## Data listing

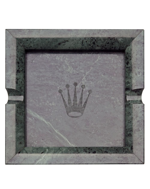 for use by Rolex watch dealers circa 1975, approximately 7 1/2in. square with etched Rolex crown trademark to the centre, in olive onyx with black veining
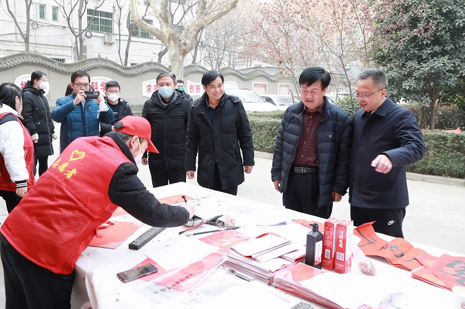 随后,左怀理来到中心举办的“玉兔贺春过大年”送祝福活动现场,向中心干部职工赠送了“福”字、送上了节日祝福。
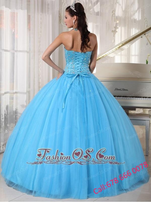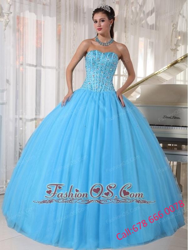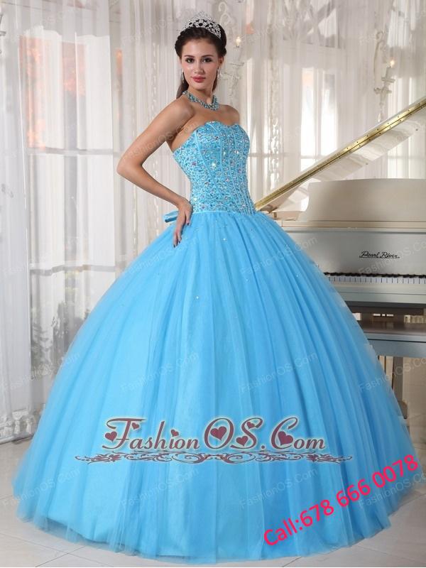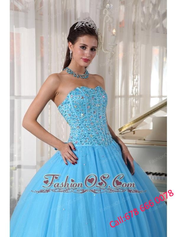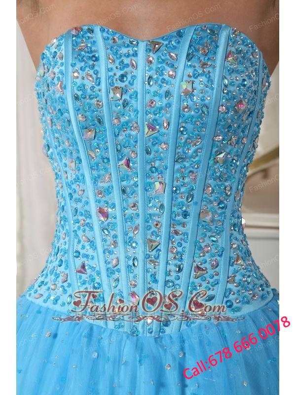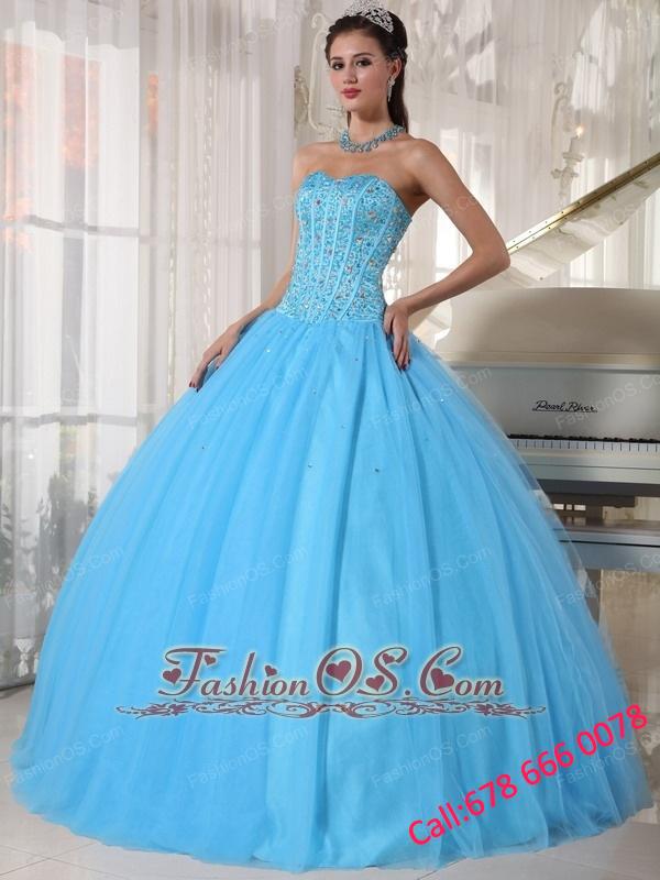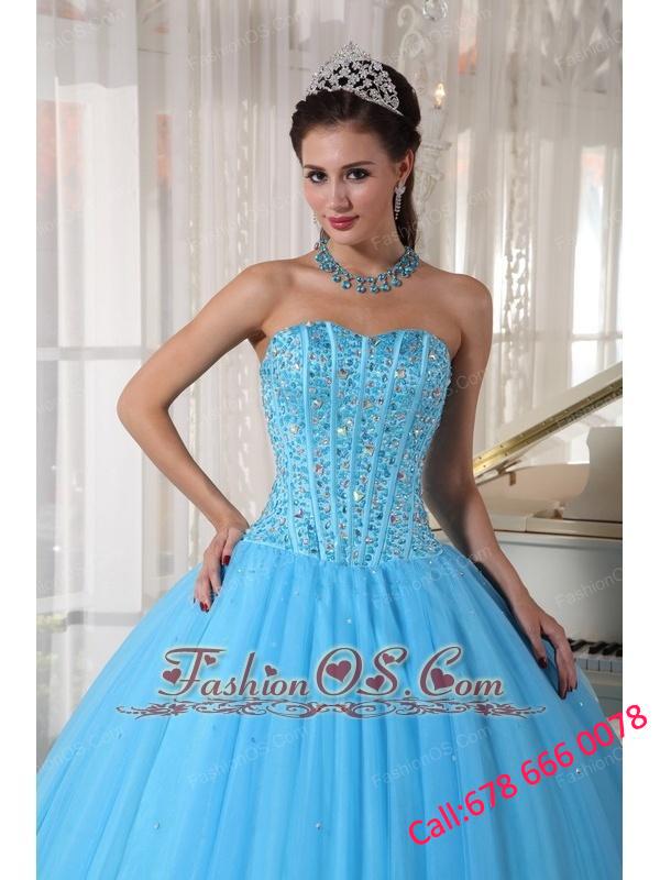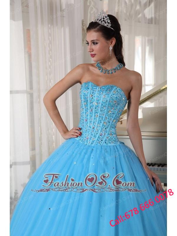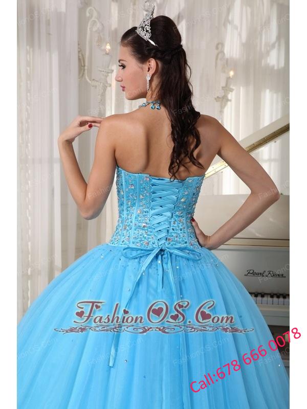 Beautiful Sky Blue Quinceanera Dress Sweetheart Tulle Beading Ball Gown
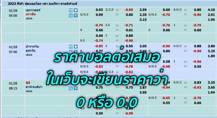 การเลือกแทงบอลราคาเสมอในโพยบอลกับโต๊ะทั่วไปนั้น มันจะเขียนเลยว่า เสมอ หรืออาจจะไม่เขียนราคา แต่เขียนเป็นค่าน้ำมาเฉยๆ แต่ถ้าเลือกแทงในเว็บ จะมีเขียนว่า 0 หรือ 0.0 ครับ
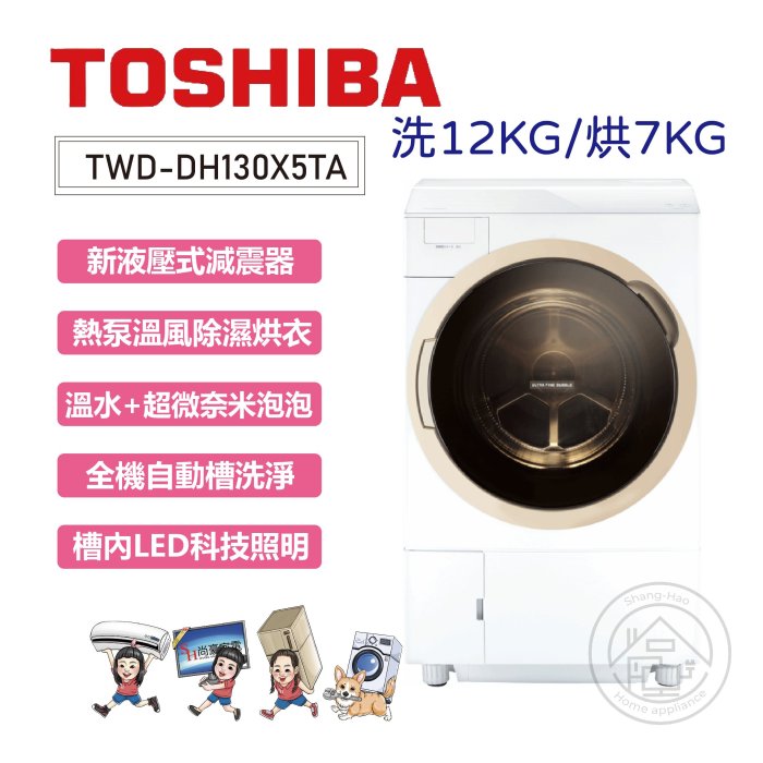 優寶購物《ubao.Tw》特貨品商城,黑貓宅配,取貨付款,💗尚豪家電-台南💗東芝 12KG 旗艦熱泵奈米溫水洗脫烘滾筒洗衣機TWD-DH130X5TA💟免運送基安 | Yahoo拍賣

## Directions
Return the entries above exactly, skipping any images.

## Solution
 for use by Rolex watch dealers circa 1975, approximately 7 1/2in. square with etched Rolex crown trademark to the centre, in olive onyx with black veining
 随后,左怀理来到中心举办的“玉兔贺春过大年”送祝福活动现场,向中心干部职工赠送了“福”字、送上了节日祝福。
 Beautiful Sky Blue Quinceanera Dress Sweetheart Tulle Beading Ball Gown
 การเลือกแทงบอลราคาเสมอในโพยบอลกับโต๊ะทั่วไปนั้น มันจะเขียนเลยว่า เสมอ หรืออาจจะไม่เขียนราคา แต่เขียนเป็นค่าน้ำมาเฉยๆ แต่ถ้าเลือกแทงในเว็บ จะมีเขียนว่า 0 หรือ 0.0 ครับ
 優寶購物《ubao.Tw》特貨品商城,黑貓宅配,取貨付款,💗尚豪家電-台南💗東芝 12KG 旗艦熱泵奈米溫水洗脫烘滾筒洗衣機TWD-DH130X5TA💟免運送基安 | Yahoo拍賣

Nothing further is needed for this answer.